On “Meet the Press” yesterday, Donald Trump insisted to NBC News’ Chuck Todd, “I inherited separation from President Obama.” The president told the same lie to Time magazine a day earlier.
And then the Republican repeated the lie to Jose Diaz-Balart during a Telemundo interview that aired on Friday night:
TRUMP, When I became president, President Obama had a separation policy. I didn’t have it. He had it. I brought the families together. I’m the one that brought ’em together. Now, I said something when I did that. I’m the one that put people together…. They separated. I put ’em together.
DIAZ-BALART: You did not.
In case there are any doubts, Jose Diaz-Balart was right and the president was wrong. As the Associated Press put it in a fact-check piece, Trump was simply “not telling the truth.”
To be sure, the president has told this lie before. But the fact remains that the Republican has had a year to come up with a compelling defense for his family-separation policy, and it appears the best he can do is peddle a brazen lie.

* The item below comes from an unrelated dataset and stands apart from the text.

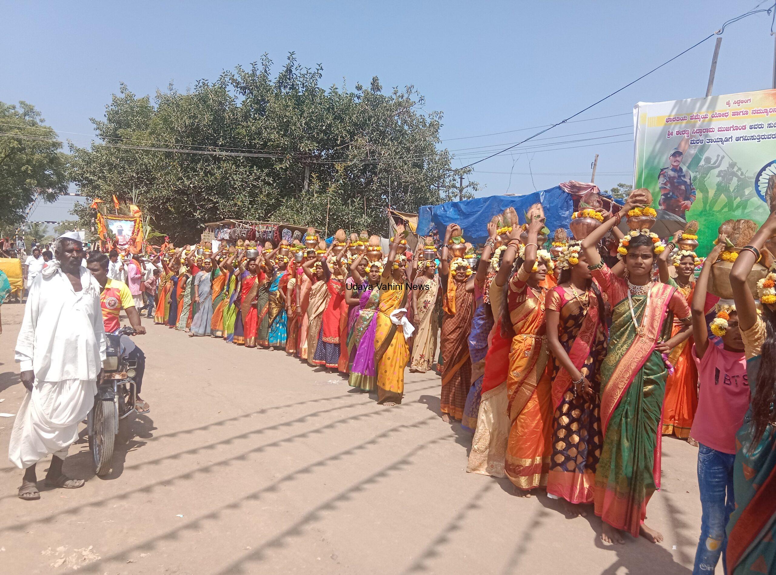 ಉದಯವಾಹಿನಿ,ಇಂಡಿ: ತಾಲೂಕಿನ ಲಚ್ಯಾಣ ಗ್ರಾಮದಲ್ಲಿ ಶ್ರೀ ಸಿದ್ಧಲಿಂಗ ಮಹಾರಾಜರ 96 ನೇ ಪುಣ್ಯಸ್ಮರಣೆಯ ಅಂಗವಾಗಿ ಶುಕ್ರವಾರ 151 ಕುಂಭ ಮೇಳದೊಂದಿಗೆ ಎತ್ತಿನ ಬಂಡಿಯಲ್ಲಿ ಶ್ರೀ ಸಿದ್ಧಲಿಂಗ ಮಹಾರಾಜರ ಭಾವಚಿತ್ರದ ಭವ್ಯ ಮೆರವಣ ಗೆ ನಡೆಯಿತು.ಬಂಥನಾಳದ ಶ್ರೀ ವೃಷಭಲಿಂಗ ಮಹಾಶಿವಯೋಗಿಗಳ ಸಾನಿಧ್ಯದಲ್ಲಿ ಇಲ್ಲಿನ ಕಮರಿಮಠದಿಂದ ಆರಂಭವಾದ ಈ ಭವ್ಯ ಮೆರವಣ ಗೆಗೆ ಹೂವಿನ ಹಿಪ್ಪರಗಿಯ ಪತ್ರಿವನ ಮಠದ ದ್ರಾಕ್ಷಾಯಣ ಅಮ್ಮನವರು ಚಾಲನೆ ನೀಡಿದರು.ಬಳಿಕ ಈ ಮೆರವಣ ಗೆಯು ಭಕ್ತರ ಜಯಘೋಷಗಳ ನಡುವೆ ವಿಬೃಂಭಣೆಯಿoದ ಪುರ ಪ್ರವೇಶಗೊಂಡಿತು. ಈ ಮೆರವಣ ಗೆಯಲ್ಲಿ ಪಾಲ್ಗೊಂಡ ಮಹಿಳೆಯರು ಪೂರ್ಣಕುಂಭ ಹೊತ್ತು, ಓಂ ನಮ: ಶಿವಾಯ ನಮ: ಎಂಬ ಮಂತ್ರ ಪಠಣದೊಂದಿಗೆ ಹೆಜ್ಜೆ ಹಾಕಿದರು.

The idea that this is simply a continuation of an Obama-era practice is “preposterous,” Denise Gilman, director of the Immigration Clinic at the University of Texas Law School, told NBC News. “There were occasionally instances where you would find a separated family — maybe like one every six months to a year — and that was usually because there had been some actual individualized concern that there was a trafficking situation or that the parent wasn’t actually the parent.”